¹College of Big Data and Intelligent Engineering, Southwest Forestry University, Kunming, Yunnan 650051, China
²Key Laboratory for the Structure and Evolution of Celestial Objects, Chinese Academy of Sciences, Kunming, Yunnan 650011, China
³Yunnan Radio Monitoring Center, Kunming, Yunnan 650228, China

Abstract

Radio astronomical observations demand stringent electromagnetic environmental quietness, yet current detection methods for monitoring surrounding electromagnetic environments remain inadequate. This paper proposes a radio interference monitoring method based on a four-antenna linear array to address this limitation, enabling real-time detection of interference sources within electromagnetic quiet zones and identification of their direction-of-arrival (DOA). The approach employs a portable four-antenna linear array configuration combined with the MUSIC (Multiple Signal Classification) algorithm for DOA estimation. Through extensive testing under various indoor and outdoor conditions and distances, results demonstrate that in relatively open and quiet environments, the four-antenna array can effectively identify the DOA of interference signals with approximately 87% reliability for measurement errors within 5°. Comprehensive analysis indicates that the portable four-antenna linear array combined with the MUSIC algorithm can satisfactorily identify interference source directions in open-area radio astronomical observations, thereby assisting radio telescopes in avoiding interfered channels.

Keywords: Electromagnetic environment monitoring; Radio astronomical observations; Radio direction finding; MUSIC direction finding technology

0 Introduction

Radio astronomical observations impose rigorous requirements on electromagnetic environmental quietness. However, with societal development, electromagnetic environments have become increasingly complex, posing significant challenges to radio astronomy. In these complex electromagnetic environments, human-made transmitters represent the primary source of interference. Typical examples include Civil Aviation Signals (CAS), various communication base stations, and high-power signal generators. The emission frequencies of these interference sources often overlap with radio astronomical observation bands, entering receiver systems through antenna sidelobes. This degrades system sensitivity, compromises observation data validity, increases data processing complexity, and in severe cases, directly contaminates observational data within specific frequency bands, rendering large-scale radio scientific instruments incapable of conducting observations during those time periods and sky regions.

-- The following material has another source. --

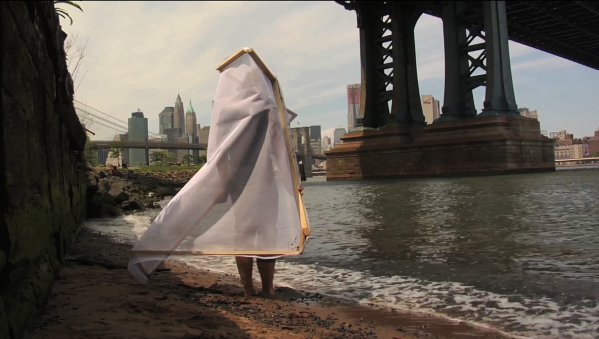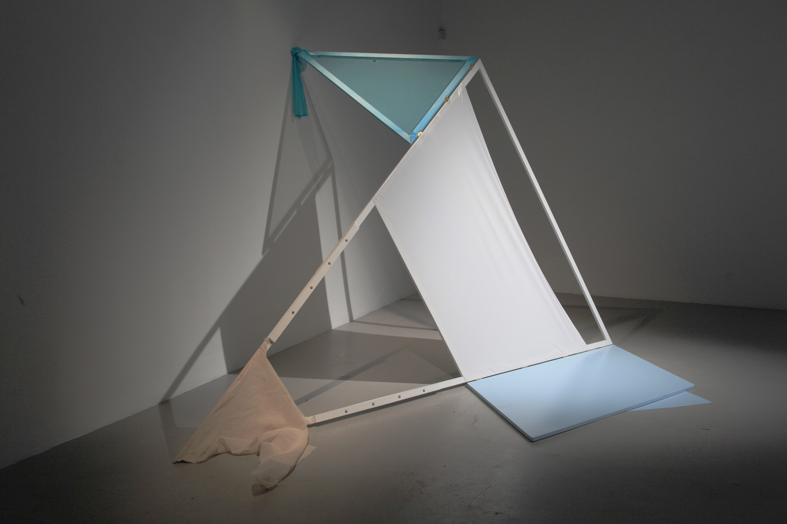 Sandy de Lissovoy and David Kelley produced Survival Based Camp, a 20-minute single-channel video, filmed at various sites in Brooklyn and Northeast Los Angeles. Through their multiyear, bi-coastal collaboration, Los Angeles-based artist de Lissovoy and New York-based artist Kelley built a series of sculptures from lightweight wood, hinged and stretched with fabric. The sculptures function in the video as props and architecture, alluding to the temporary and theatrical quality of stage sets or unfinished buildings. Performers interact with these objects, forming sequences of choreographed movements and improvisations, in which the performers discover their physical relationships to the sculptures and to the in-between spaces of the urban and industrial sites that they occupy.

Given the growing complexity of electromagnetic environments, radio astronomical observations typically require pre-observation electromagnetic environment monitoring of the target region. By continuously adjusting the observation area of the radio telescope, temporarily effective quiet zones can be achieved within specific time periods and spatial domains. However, realizing this objective necessitates the use of radio direction finding technology to predict interference source DOA in advance, enabling targeted avoidance strategies.

Radio direction finding technology represents a critical and active area in radio applications. Within the far-field region, DOA can be determined by deploying multiple antennas to construct an array combined with time difference-of-arrival techniques. Employing more antennas in the array configuration can effectively improve measurement accuracy, with numerous studies proposing relevant applications.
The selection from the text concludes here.